Risque gastro-intestinal

Modéré à élevé (usage chronique)
Faible
Faible
Aucun
Faible (constipation fréquente)

Risque cardiovasculaire

Dose- et durée-dépendant
Faible
Faible
Aucun
Faible

Dépendance / mésusage

Aucun
Aucun
Faible (tolérance à la sédation)
Aucun
Élevé — non recommandé dans le SDM

Meilleure utilisation dans le SDM

Poussées aiguës, adjuvant d'une stratégie multimodale
Douleur légère, AINS contre-indiqués
Perturbation du sommeil, spasme aigu
Douleur localisée des points-gâchettes
À éviter — rarement voire jamais indiqué

Disponible sans ordonnance

Oui (ibuprofène, naproxène, diclofénac topique)
Oui
Non (prescription obligatoire)
Oui (crèmes/patchs à 4 %)
Non
Points clés
  1. Les AINS procurent un bénéfice MODÉRÉ sur la douleur des points-gâchettes myofasciaux : ils réduisent l'inflammation et la sensibilisation nociceptive sans pour autant résoudre la contracture sous-jacente, le dysfonctionnement de la plaque motrice ni l'ischémie locale.

  2. Les AINS topiques (gel de diclofénac, patch Flector, gel de kétoprofène) sont à envisager EN PREMIÈRE INTENTION pour la douleur localisée des points-gâchettes : ils délivrent le principe actif directement au tissu concerné, avec une exposition systémique minime et un risque digestif, cardiovasculaire et rénal considérablement réduit.

  3. Les AINS oraux sont indiqués en CURES COURTES (5 à 10 jours) lors des poussées aiguës de douleur myofasciale, et non en traitement quotidien au long cours.

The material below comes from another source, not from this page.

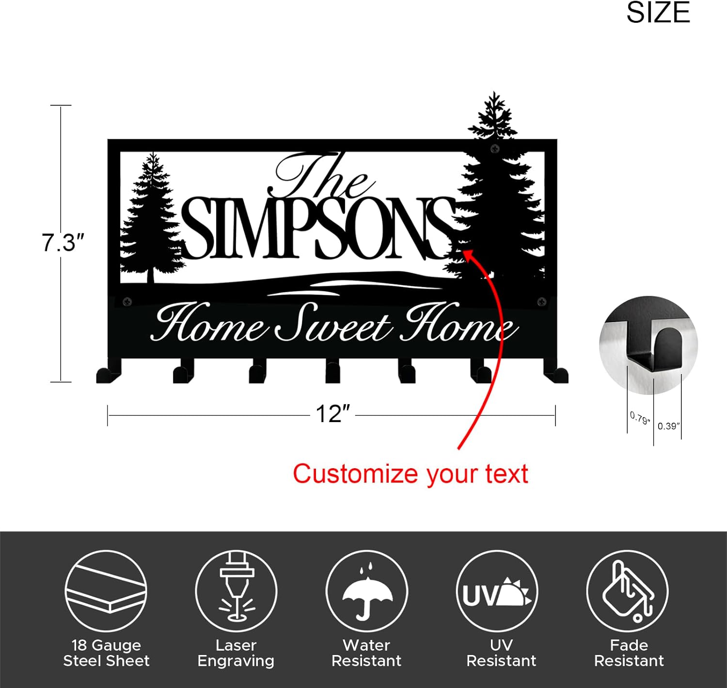 - Personalized Family Key Holder: Customize this wall-mounted key holder with your family name, initials, or a short message. Featuring a beautiful forest silhouette with trees and the phrase “Home Sweet Home”, this nature-inspired key hanger adds warmth and charm to any entryway. Perfect for families who love the outdoors and makes a thoughtful gift for new homeowners, dads, or moms

L'objectif est de soulager suffisamment pour permettre la rééducation active — kinésithérapie, étirements, interventions sur les points-gâchettes.

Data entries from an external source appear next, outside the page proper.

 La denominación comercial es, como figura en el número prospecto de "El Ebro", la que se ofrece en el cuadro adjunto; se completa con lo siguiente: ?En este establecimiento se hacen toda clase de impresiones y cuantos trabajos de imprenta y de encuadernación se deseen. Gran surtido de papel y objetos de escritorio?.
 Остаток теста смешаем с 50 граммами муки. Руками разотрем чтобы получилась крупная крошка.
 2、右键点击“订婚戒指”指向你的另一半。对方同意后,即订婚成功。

  4. Le naproxène possède le profil de sécurité cardiovasculaire le plus favorable parmi les AINS oraux et doit être privilégié chez les patients présentant des facteurs de risque CV. Le célécoxib offre un meilleur profil digestif, au prix d'une prescription médicale obligatoire.

  5. Ne JAMAIS utiliser les AINS comme traitement isolé du SDM. Ils sont d'autant plus efficaces qu'ils s'inscrivent dans une approche MULTIMODALE associant kinésithérapie, puncture sèche ou injections des points-gâchettes, correction ergonomique et traitement des facteurs perpétuants.

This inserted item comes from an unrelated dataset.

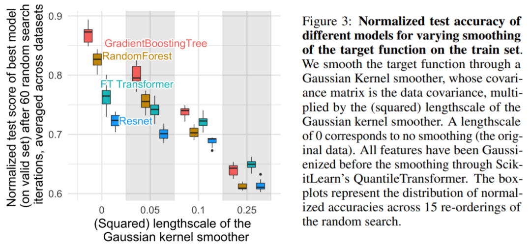 如图 3 所示,对于较小的尺度,平滑训练集上的目标函数会显着降低基于树的模型的准确率,但几乎不会影响 NN。这些结果表明,数据集中的目标函数并不平滑,与基于树的模型相比,NN 难以适应这些不规则函数。这与 Rahaman 等人的发现一致,他们发现 NN 偏向于低频函数。基于决策树的模型学习分段(piece-wise)常函数,没有这样的偏置。

  6. Co-prescrire un IPP (inhibiteur de la pompe à protons) chez les patients à risque : âge supérieur à 65 ans, antécédents d'ulcère peptique ou d'hémorragie digestive, corticothérapie ou traitement anticoagulant concomitant, ou durée d'AINS oral prévue supérieure à 10 jours — conformément aux recommandations HAS.

  7. La « triple menace » — AINS + IEC/ARA II + diurétiques — majore significativement le risque d'insuffisance rénale aiguë. Vérifier systématiquement l'ordonnance complète avant toute prescription d'AINS oral.

  8. Un usage quotidien chronique d'AINS pour la douleur myofasciale constitue un signal d'alerte : il suggère que les points-gâchettes ne sont pas traités de manière adéquate. Réévaluer et orienter vers un traitement définitif — needling, injections, thérapie manuelle — plutôt que de prolonger indéfiniment la suppression pharmacologique.